Built in 1717 in Rochefort, France, Le Chameau was the brainchild of young naval architect Blaise Ollivier. After visiting English and Netherlands shipyards, he envisaged a rapid, yet well-armed naval transport called a flute. (Dutch style of sailing vessel) The LE Chameau from 1719 to 1725, carried cargo, passengers, and funds from France to the New France (Quebec) in Canada and returned with passengers and cargo such as wood, wood tar, and beaver pelts.
Chameau set out on her final voyage from La Rochelle, France in July 1725. Onboard was a huge quantity of gold, silver and copper. The ship was swept onto the rocks by a storm on August 27, 1725 near Louisbourg, Nova Scotia. The Chameau sank, and all aboard died. The death toll varied from 216 to more than 300. 180 bodies washed ashore and buried in a mass grave site.

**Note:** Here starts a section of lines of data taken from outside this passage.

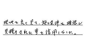 現地を良く見て、施工条件を確認し、見積りされた事を信用しました。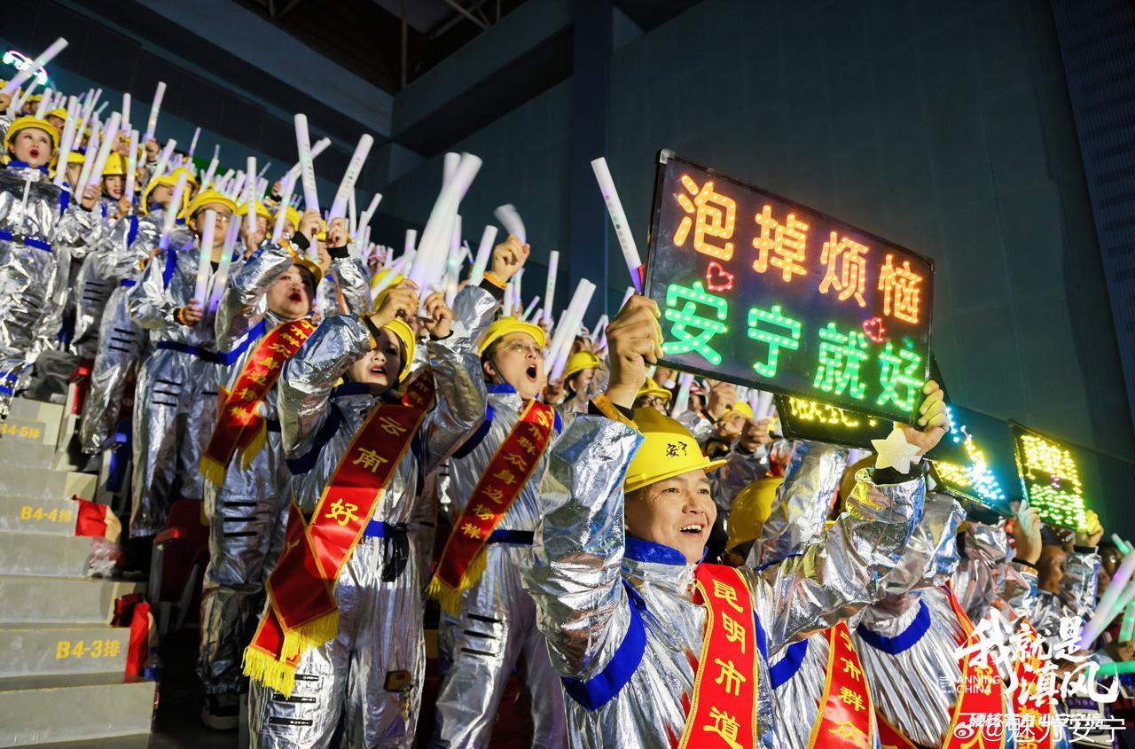 【“我就是滇风”盛典晚会,安宁方阵硬核登场】 聚光灯下,是谁的身影在闪耀?欢呼声中,是谁步履铿锵?晚会现场,星耀体育馆的舞台上,安宁方阵震撼登场!银色的流光划破夜空,硬核的口号响彻春城。 很多人问: “安宁的底气从哪里来?”答案,就藏在安宁方阵里。 他们不是专业的演员,他们是父亲、是母亲、是儿女,是车间里的工匠、是马路上的卫士、是讲台上的园丁、是病房里的天使……晚会中,他们卸下了日常的疲惫,披上了城市的荣光。 他们,就是安宁的温度、态度与实力!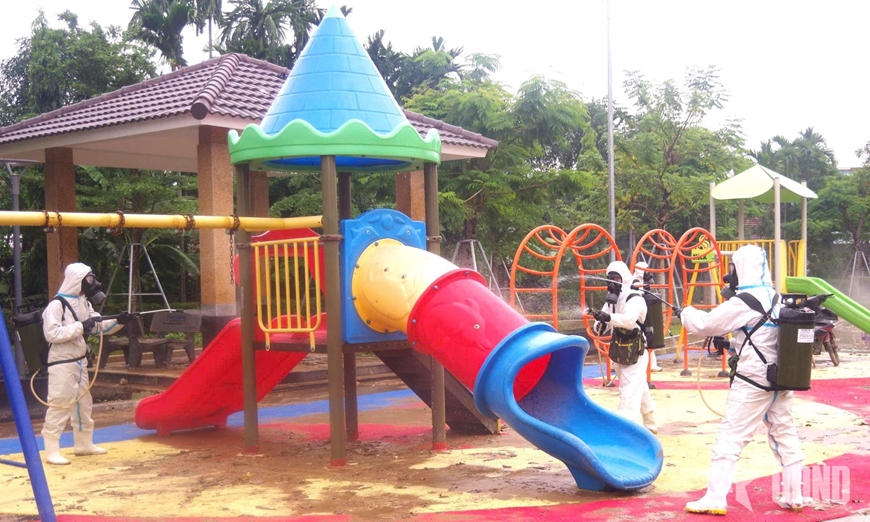 Phun khử khuẩn tại công viên Nguyễn Văn Trỗi (phường Điện Bàn).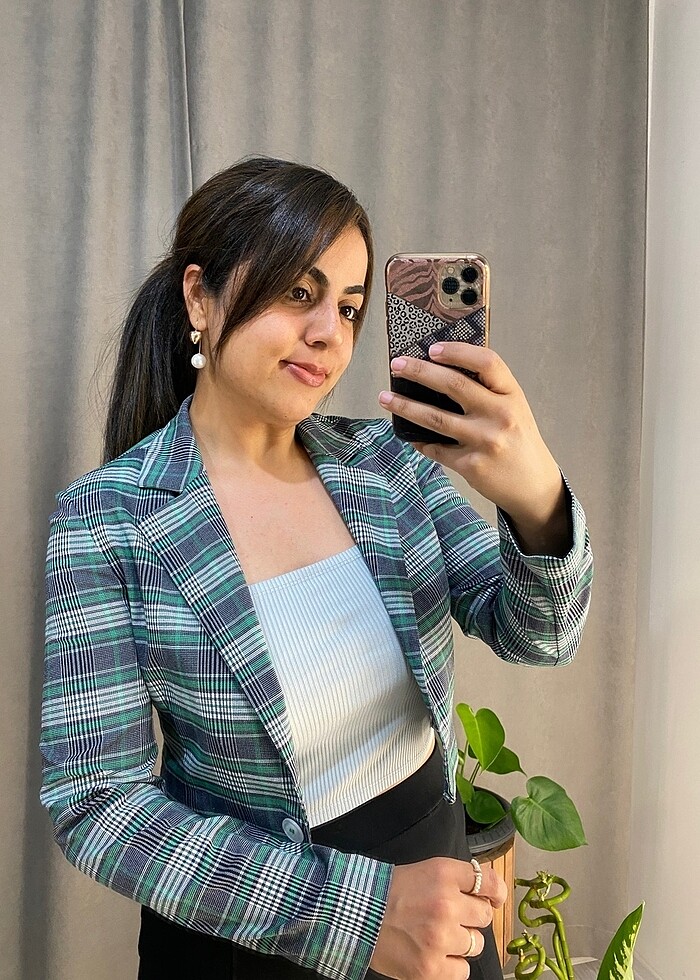 Gri yeşil çizgili önü düğmeli crop vatkalı ceket uzun kollu blazer tarz ve modern bir ceket. Klasik kesimi ve zarif tarzıyla her yaşa her döneme hitap edebilecek şahane bir parçadır. Hem günlük hayatta hem de ofis ortamında stil sahibi ve kararlı bir duruş yakalayabilirsiniz . Boyu 40 cm iki koltuk altı arası 45 cm’dir. Tercihen XS-S bedenler tercih edebilir.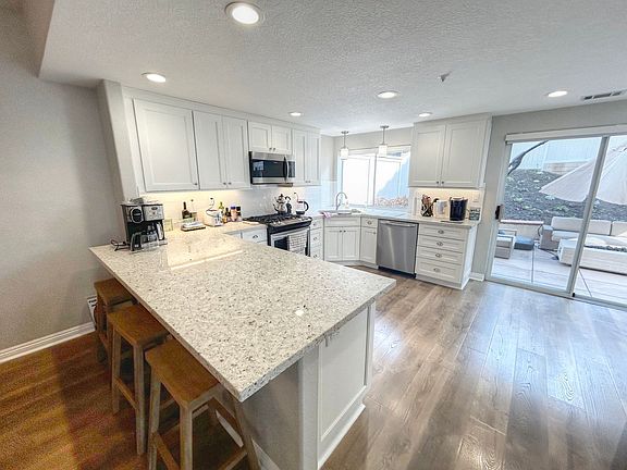 Fully Furnished Condo in the Vilamoura community of Rancho San Clemente available on a 3 month minimum term. Corner unit has bright living room with vaulted ceiling, kitchen has stainless steel appliances, stone counters. Sliding glass doors in the living room and kitchen open to your backyard. Direct access from dining area to the 2 car garage which includes electric car charger. Laundry in closet with LG washer and dryer included. 1/2 bath downstairs. Staircase leads to 3 bedrooms and 2 baths. Primary bedroom has a fireplace, balcony, walk-in closet. Villamoura Community has ocean view pool & spa. Close to Lobo Elementary School and large city park offering: Tennis, Basketball & Volleyball courts.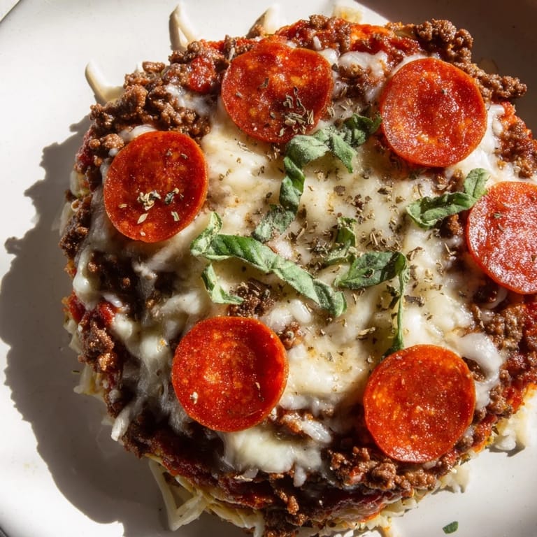 Save There's something almost rebellious about making pizza without a crust, and I discovered this one by accident during a week when we'd run out of flour. My partner was skeptical—skeptical turned to delight after that first bite of crispy beef base with melted cheese and pepperoni. It's become our go-to when we want pizza night without the carb guilt, and honestly, the beef foundation gives this dish a richness you don't get from dough.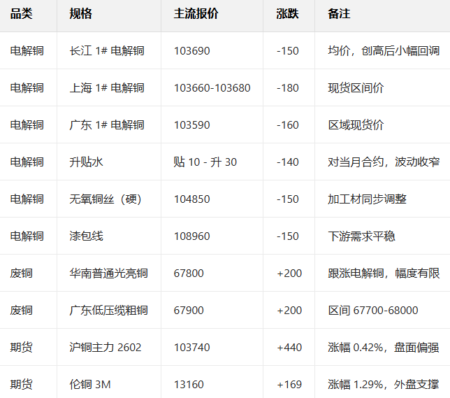 1月7日国内铜现货报价参考

Alex and his buddies retrieved thousands of dollars of gold, silver and copper coins from the Cormeau, hiding them in bags so the watchman on the dock didn’t discover their findings. Alex, Dave and Harvey were able to keep their recovery mission a secret for 8 months. It is said that their treasure find was the largest ever in Canada.
Read The Scuba News Canada story on “The Treasure Act In Nova Scotia”
But all the money and fame was not to last, as a “partner dispute” was filed in court, saying Alex had partnered with others before Dave and Harvey. The case went all the way to the Supreme Court of Canada and their decision: “The Supreme Court of Canada was not in position to fix completely the errors made in the lower courts, however, and Storm received a majority of the treasure”. Treasure hunting laws are much different in Nova Scotia today.
Alex Storm contributed to the history of Atlantic Canada through more than just wreck hunting. He worked to restore the Louisbourg Fortress, and even opened a museum of objects he had found in Newfoundland and from the shores of Nova Scotia, in his home in Louisbourg.
Just before Alex passed away he believed somewhere out there, was hidden “treasure”.